> _Data block_
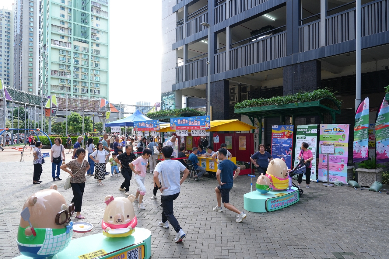 是次活動內容豐富多元,包括現場教導居家運動、測量體重指數(BMI)、腰圍、血壓和血糖;推廣「我的健康」的「健康管理」及「心理健康評估」功能、提供健康諮詢和中醫諮詢,同場亦展示了運動及營養建議、科學體重管理及食品安全資訊的展板,並設置「讓心情放晴」背景板和拍照道具供居民拍照打卡,現場氣氛熱鬧,參與的居民絡繹不絕。有長者、年青人,甚至父母帶同其子女一起參加活動。參加者踴躍參與各項健康檢測,包括體重、血壓和血糖測量,並接受中醫師的細心把脈問診。在居家運動教學區,不少居民在專業教練指導下學習簡單實用的伸展動作。參與居民均表示活動有助他們更瞭解超重肥胖、食品安全和身心健康的問題,並學習到實用的運動及飲食管理技巧,對日常健康生活大有裨益。
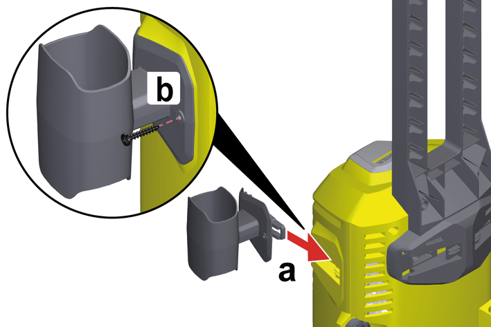 Úložiště pro vysokotlakou pistoli zasuňte do uchycení na přistroji.
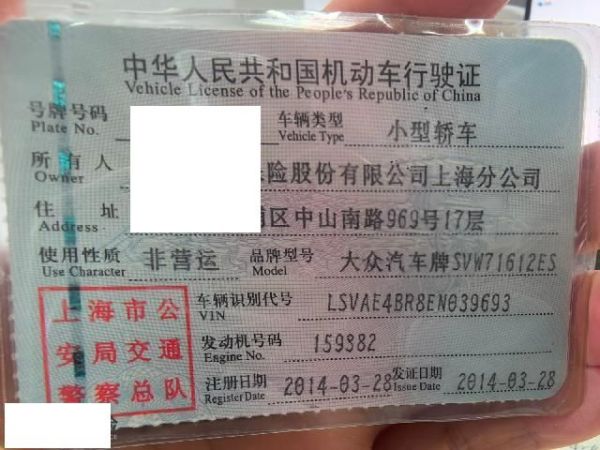初次登记日期 2014-03-28 车辆名称 大众 桑塔纳

> _Exercise goal_
Transcribe the data word for word, with no images.

> _Worked solution_
 是次活動內容豐富多元,包括現場教導居家運動、測量體重指數(BMI)、腰圍、血壓和血糖;推廣「我的健康」的「健康管理」及「心理健康評估」功能、提供健康諮詢和中醫諮詢,同場亦展示了運動及營養建議、科學體重管理及食品安全資訊的展板,並設置「讓心情放晴」背景板和拍照道具供居民拍照打卡,現場氣氛熱鬧,參與的居民絡繹不絕。有長者、年青人,甚至父母帶同其子女一起參加活動。參加者踴躍參與各項健康檢測,包括體重、血壓和血糖測量,並接受中醫師的細心把脈問診。在居家運動教學區,不少居民在專業教練指導下學習簡單實用的伸展動作。參與居民均表示活動有助他們更瞭解超重肥胖、食品安全和身心健康的問題,並學習到實用的運動及飲食管理技巧,對日常健康生活大有裨益。
 Úložiště pro vysokotlakou pistoli zasuňte do uchycení na přistroji.
初次登记日期 2014-03-28 车辆名称 大众 桑塔纳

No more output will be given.